Slightly different presentation this time – the presenter (under the seemingly unlikely name of Curtis Bonk) has come on dressed as Dr Evil!
Disagrees with previous speaker about ‘distance learning’ being flat – SUNY Network shows it growing
A question – from an IT perspective, what can you differently online?
Personalisation, individualisation etc…
Anytime, anyplace, anywhere
Materials available and updatable
More economical? Reusable
Non-linear – just in time syllabus, just in time teaching
Learning styles – (ref r2d2 on Curtis’s website)
Guest experts
Extend classroom
Sharing the curriculum – e.g. Merlot
Changing methods of learning. However, skills needed are teaching based
Talked about SAKAI and Chef
Critique of WebCT and Blackboard – describes them as ‘warehousing students online’

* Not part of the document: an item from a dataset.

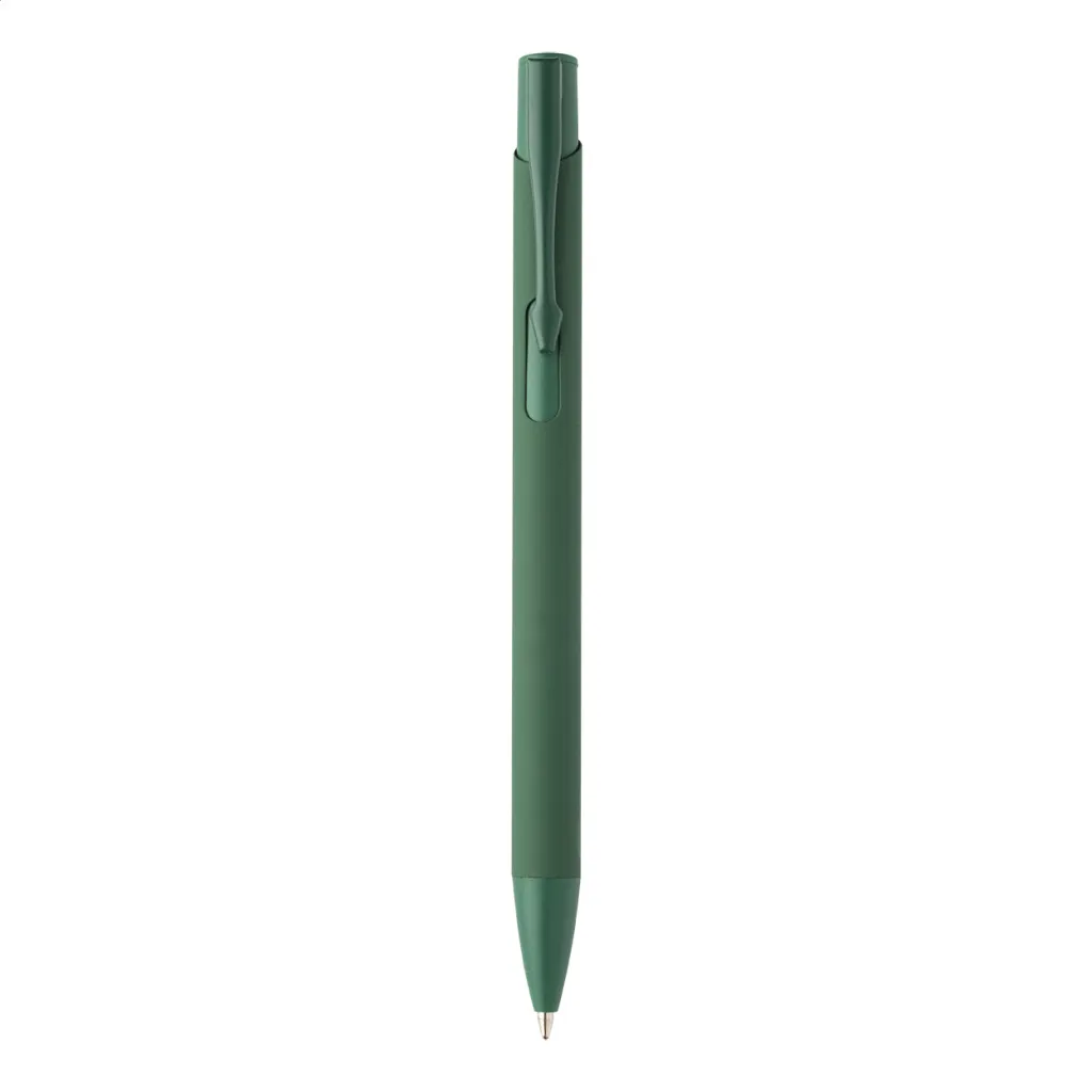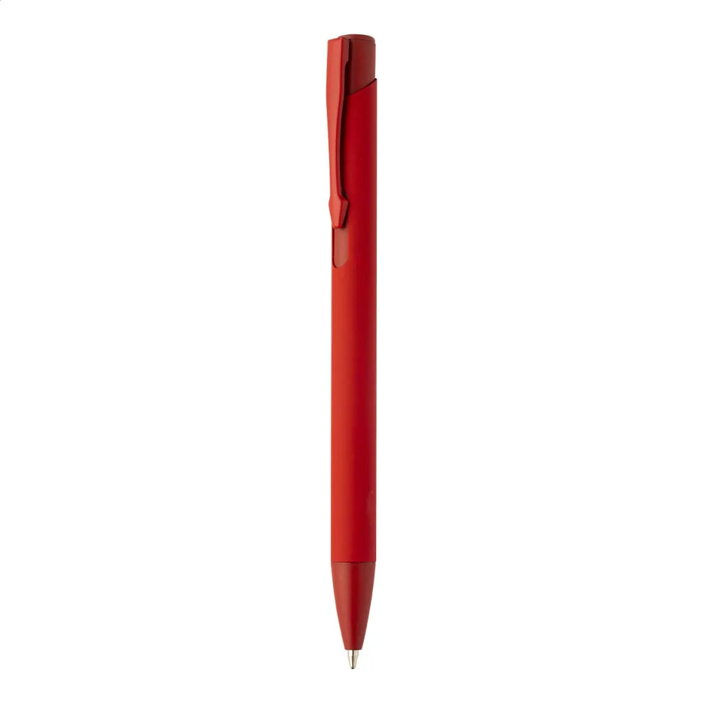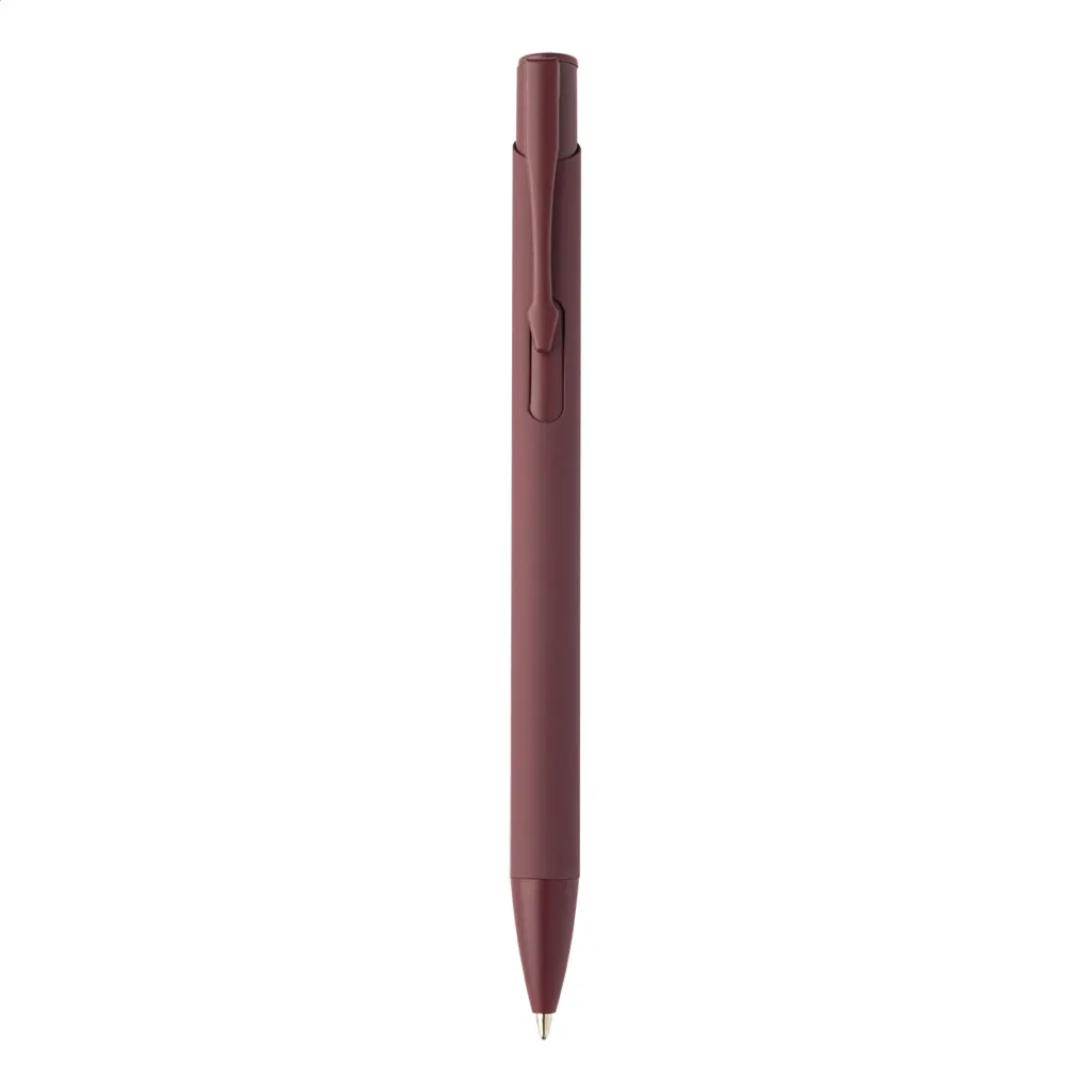 Kemijska olovka od recikliranog aluminija s gumiranom završnom obradom i detaljima u odgovarajućoj boji. S plavim punjenjem.

Lists of stuff not in these pacakges – timeline, venn diagramming, debate tools – in fact says they have added nothing to learning – only replicated tools that already existed.
Have to demand better tools from them, working with them, or working round them.
He really doesn’t like WebCT and Blackboard! Interesting point about the tools that could be useful for online learning.
For e-learning – students need to mature, independent learners.
However the instructor needs to be flexible, enthusiastic, patient, innovative, creative, provide prompt feedback, builds communities …
Unfortunately at this point the power on my laptop gave up – I’ve got paper notes of 10 trends in e-learning, but don’t have time to put these up now. I’ll try to get these done before tomorrow.
Ironically one of the questions David Farqhuar raised in his presentation was when we are providing e-learning in developing countries, who provides the electricity. In this case – if we provide a wireless network, who provides the electricity?